I lived with PTSD flashbacks for more than 12 years. I was successfully treated in a single session over 42 – years ago – yet that therapy modality is still not considered “evidence‑based.” No one has funded a study on this very effective treatment for flashbacks or intrusive memories!

See:https://clintmatheny.com/how-i-healed-my-ptsd/

Research Runs on Funding – Not Just Truth

Therapy research is largely funded by:

• Big Pharma

• Government agencies like the NIH

• Universities operating inside grant‑driven systems

These systems reward treatments that are:

• manualized

• standardized

• measurable with symptom checklists

• deliverable in short, structured formats

Numerous  studies show CBT produces modest, often temporary effects for trauma and clinical depression – especially when compared to experiential approaches that update emotional learning.

Evidence Is Expensive – Typical Cost

These figures reflect standard NIH and academic trial budgets:

Pilot study $50k–$250k

Standard RCT $500k–$2M

Large multi‑site RCT $3M–$10M+

Therapies can’t be patented.

There’s no billion‑dollar sponsor waiting for ROI.

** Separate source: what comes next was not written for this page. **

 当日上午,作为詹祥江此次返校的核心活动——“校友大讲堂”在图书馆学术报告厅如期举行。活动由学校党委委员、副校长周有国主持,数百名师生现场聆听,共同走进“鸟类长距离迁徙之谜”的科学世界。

So the therapies with the biggest “evidence base” are usually the ones easiest to fund –  not necessarily the ones that create the deepest, most lasting change.

The Pharma Incentive Reality

It’s not that pharmaceutical companies want therapy to fail.

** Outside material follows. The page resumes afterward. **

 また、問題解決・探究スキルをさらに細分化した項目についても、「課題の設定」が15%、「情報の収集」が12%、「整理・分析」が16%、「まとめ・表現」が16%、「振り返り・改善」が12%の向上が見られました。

It’s that their business model depends on ongoing medication use.

There is no financial incentive to fund therapies that might:

• permanently resolve conditions

• reduce long‑term medication reliance

• shrink the medication market

So pharma‑backed research naturally gravitates toward:

• medication

• medication + therapy

• adherence

• symptom management

Drug companies don’t need therapy to fail – they just have no business reason to fund therapies that make their products less necessary.

That’s economics, not conspiracy.

What Happens to Therapies That Do Update Emotional Learning?

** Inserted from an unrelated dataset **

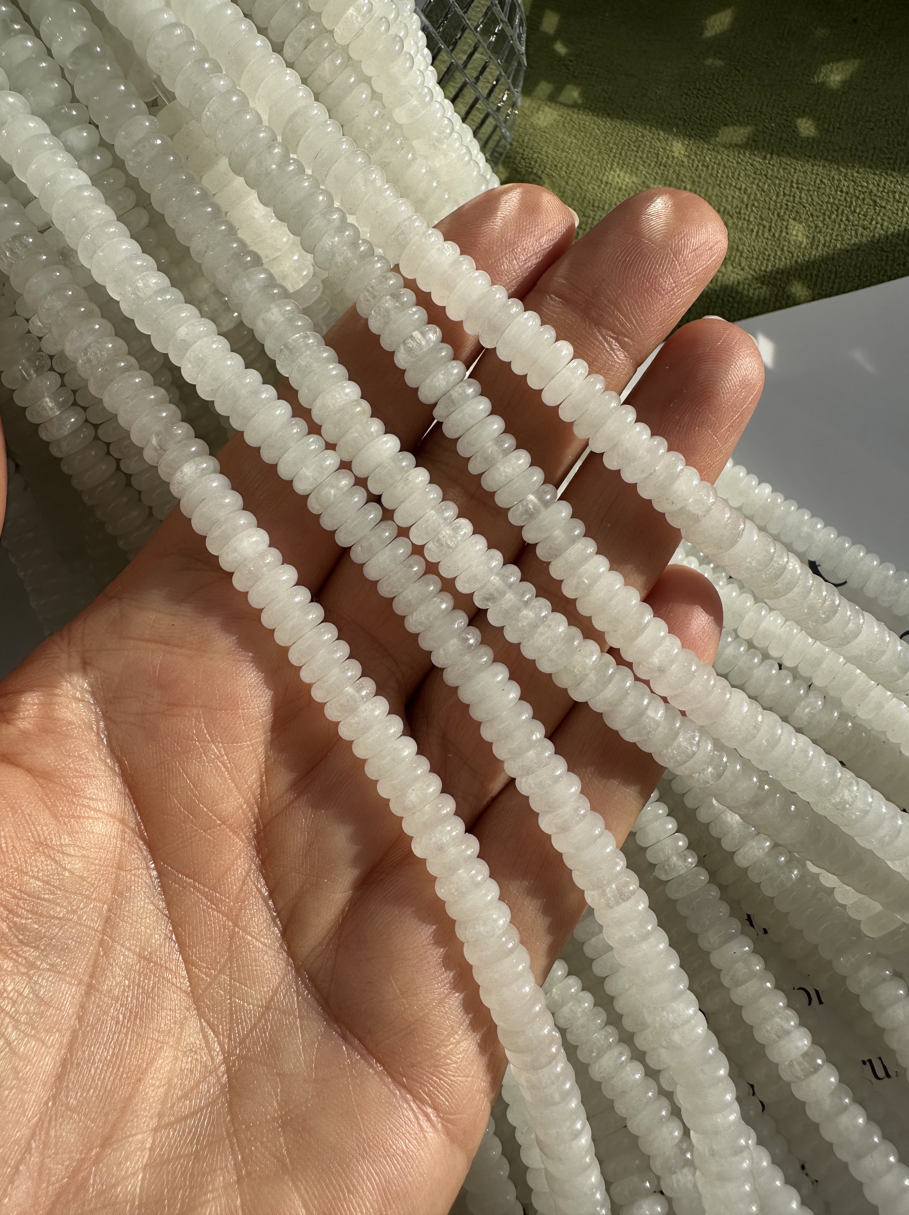 Бусины из белого кварца в форме ронделя могут использоваться для создания любых видов украшений, в том числе идеально подойдут на чокер или браслет. Бусины отлично сочетаются с различными материалами: натуральными каменными бусинами, жемчугом, а также металлическими бусинами золотого и серебряного цвета. Бусины в нитке неоднородны, не одинаковы по размеру, толщине, несущественно отличаются по цвету.

Memory reconsolidation–based approaches don’t vanish –  but they rarely become institutional standards quickly.

They tend to:

Live on the edges

Used by specialist clinicians, spreading through training networks and word of mouth.

Get labeled “promising”

Not because they lack results, but because they lack multi‑million‑dollar trials.

Be practitioner‑dependent

They require timing, attunement, and flexibility – which makes them harder to standardize.

Spread through outcomes, not advertising

Clinicians keep using what works. Clients refer others.

Get absorbed under new labels

The mechanism enters mainstream language long before the original models get recognition.

Wait for science to catch up

Mechanism research grows first. Institutional acceptance often takes decades.

What Gets Left Out

Deep experiential work, identity‑level change, and emotional learning updates are:

• harder to standardize

• harder to measure with checklists

• harder to package into short protocols

So they’re studied less — and look weaker “on paper,” even when they’re powerful in practice.

Bottom Line

When you hear:

“There isn’t enough evidence.”

It often means:

“No one had millions to study it in the approved format.”

So remember:

Evidence follows funding.

Funding follows scalability.

Healing follows emotional learning.

Post on Memory Reconsolidation:

https://clintmatheny.com/rtm-1/

Recommendations

The National Institutes of Health shall designate all therapies that operate through the mechanism of emotional memory reconsolidation as evidence‑based therapies (MR). CMS shall require Medicare, Medicaid, and all federally regulated health insurance plans to provide full coverage for these MR‑designated therapies.All qualifying therapeutic modalities shall include the suffix “(MR)” to clearly identify their mechanism of action and distinguish them from symptom‑management – only treatments.

Examples of “Memory Reconsolidation” Based Therapies (These differ in form, style, and branding – but they converge on the same underlying mechanism):

  1. Trauma/Phobia Cure (RTM)
  2. The Haven Technique
  3. Dynamic Spin Procedure
  4. The In Technique
  5. Eye Movement Integration (EMI)
  6. FreeSpotting
  7. BrainSpotting
  8. Clean Language Therapy (my favorite)
  9. EMDR
  10. The Flash Technique
  11. Coherence Therapy
  12. Progressive counting
  13. (If your favorite isn’t listed – no worries. If it works via reconsolidation, it belongs.)